Contracting really is a simple business. Notice I did not say easy, I said simple. The more networking groups I facilitate the more of an impact I see the basics making. Getting contractors to practice the basic fundamentals can have an immediate impact on their profitability. It is not uncommon to find a contractor with five to eight employees making $50,000 or so a year and the next year jump to over $100,000 in salary and income.

So what are those simple components which every contractor should get right?

• Know the numbers.

• Sell at a premium price.

• Offer great service.

• Make the phone ring with the right kind of customers.

• Be productive.

Knowing the numbers: Many contractors do not like paperwork and bookkeeping. They are Marlboro men, a working man’s man. (If you are one the many successful women that run a contracting business or a person who prides yourself as a business person, please forgive me while I pound the stereotype.) To be successful you must be interested in the business and not just your trade. If not, you should work for someone else. You will make more money and work fewer hours.

For years, I did not know a single contractor who is successful that does know his or her numbers. However, the booming economy of the late 1990s and early 2000s did create some profitable companies who were merely surviving on volume and pricing jobs at what the market would bare. With the 2007 recession, those days of blind success are now long gone. Knowing your numbers is simpler than you might think. Start with a budget. Take a few minutes to add up all your expenses for the year. It is important to keep score the same way you estimate. Your accounting format should look something like Figure 1.

You can have as many categories in each area as you like, but follow this pattern. When bidding jobs, contractors are calculating their direct costs and then adding mark-up. By following this pattern, you can see if your margins are being maintained and accurate. It is not uncommon for a contractor to send us a 10-page statement with a comment that he or she does not understand it. My response is always the same: I don’t understand it either. If you are going to go to the trouble to keep records, you might as well keep records that are useful.

Sell at a premium price: You cannot survive as the low priced contractor in your market. There is always a guy with a pickup truck, ladder rack and shovel who is cheaper than you are. Know your costs and what it takes to do the job right. Nothing improves sales better than knowing your price and what you have to charge to do a professional job and stay in business. Let’s suppose you are looking at 10 jobs. Two or three of those jobs are probably “give me’s,” another three or four are “maybes,” and two or three are “heck no’s.” By charging a realistic price, you are at least going to make a profit on the give me’s. Improving your sales skills will allow you to gain a few of the maybe’s, and the heck no’s are people you should not even be marketing to.

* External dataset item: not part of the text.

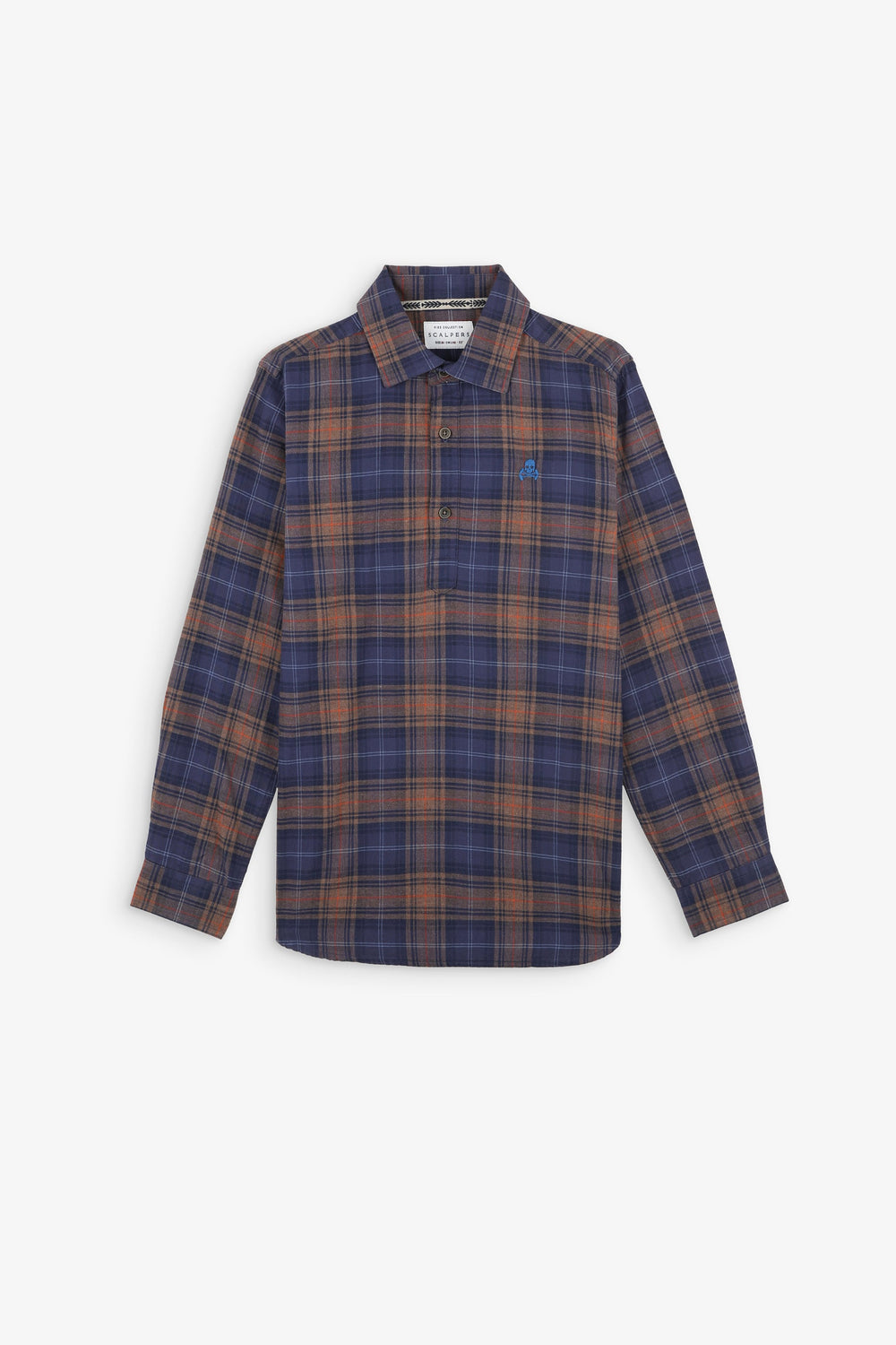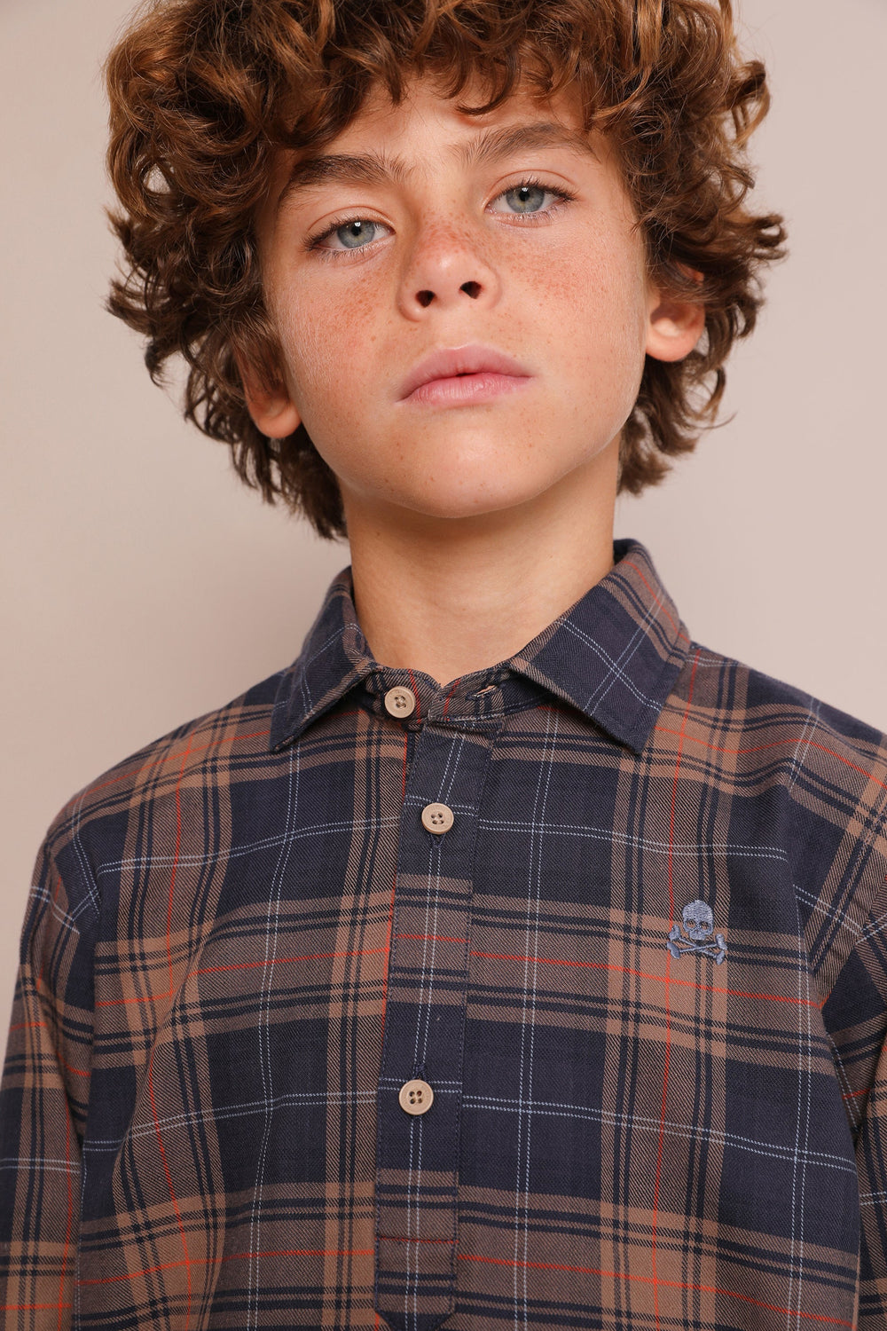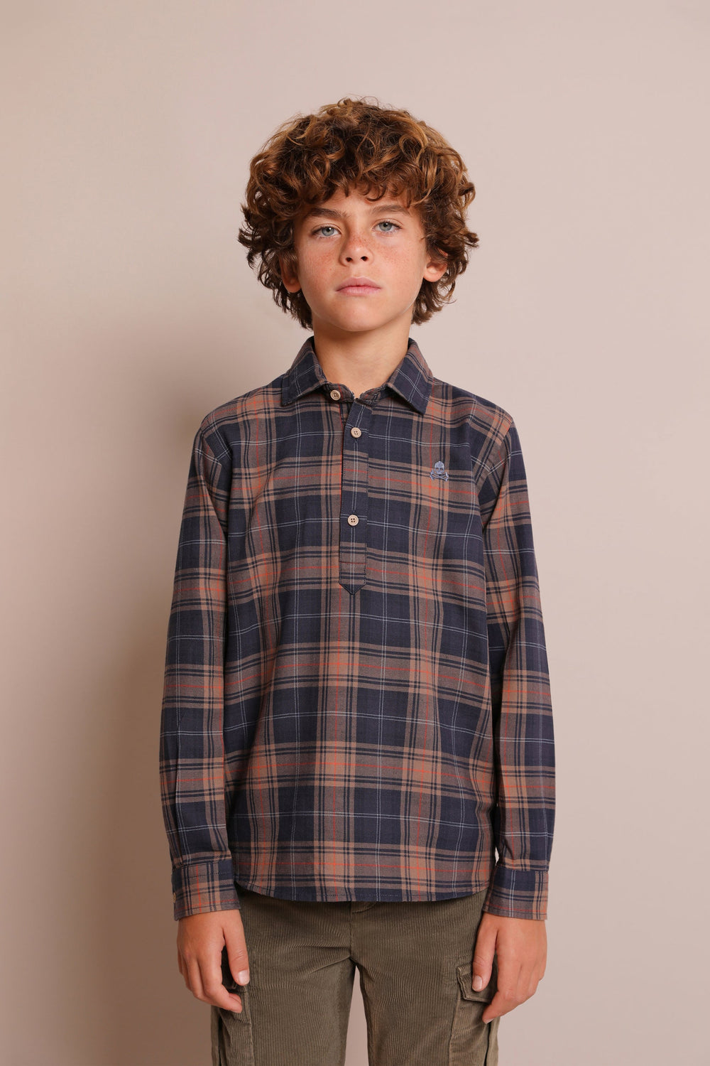 Camisa polo de xadrez janela. Confecionada em tecido 100% algodão BCI, corte Regular Fit, colarinho clássico e manga comprida acabada em punho com botões

I know, you are thinking the market is competitive. Sure it is, but if you are going to try and survive on price alone, you are not going to make it. People will pay more for your services if you can show them value and differentiate what you are offering. It is not the customer’s responsibility to determine the difference between you and your competitor’s proposals.

Offer great service: Get the basics right. There is no question you need lettered trucks, job signs, uniforms, proposal packets will improve sales by driving more point of sales referrals and help the customer feel good about the experience. Go further than that and make fans out of your customers. Do your best to make point of sale customer contact an exceptional experience. Repeats and referrals are your most profitable source of work. Closing ratios are high and there are no advertising costs required to generate the lead. Practice good introductory and departure procedures. Have foremen introduce themselves and ask polite questions such as where to park the truck and are there any pets to look out for. Perform a walk through with the customer prior to leaving the job. This will cut down on call backs, improve quality and develop job ownership with the crew. With commercial customers, make sure you adhere to all of their safety and on-site requirements.

Do you have trouble finding dependable people to work on your car, your boat, your electronics and your computers? Sure you do and you are willing to pay a little more for headache free service.

Make the phone ring with the right kind of customers: Yes, everybody needs good service and contracting, but common sense tells us that people who are premium buyers are better customers. You can find those people by targeting your marketing. Focusing on neighborhood marketing makes sense because people of a feather tend to flock together. Neighborhoods are made up of people with similar incomes and needs. Quit trying to be everything to everybody and thereby end up being nothing to nobody. Internet leads growth can make this even worse. Internet inquiries can be much like the yellow pages, with too many price shoppers who are spread out all over town. Know your target customer and qualify leads.

Be productive: Every contractor thinks they are productive but there is always room for improvement. Each job should have hours budgeted and those hours tracked. Each and every hour should be posted somewhere and accounted for. Contractors spend thousands on job costing which no one reads. Look at a cross section of jobs and try to determine common characteristics between the winning and losing jobs. You probably have either a bad estimator, unproductive employees or are disorganized. You do not have to be a rocket scientist to figure it out. Just look at the common characteristics of poorly performing jobs. Many of the contractors we know who do this increase profits anywhere from $1 to $3 per man hour, which equates to $2,000 to $6,000 per year.

 Yes, contracting is not a rocket science. You simply must get the basics right. We have many a networking member who does $500,000 in sales and makes over $100,000 a year, yet we’ve also met other contractors with $3 million in sales that only make $50,000. Why? Because one is getting the basics right and the other isn’t.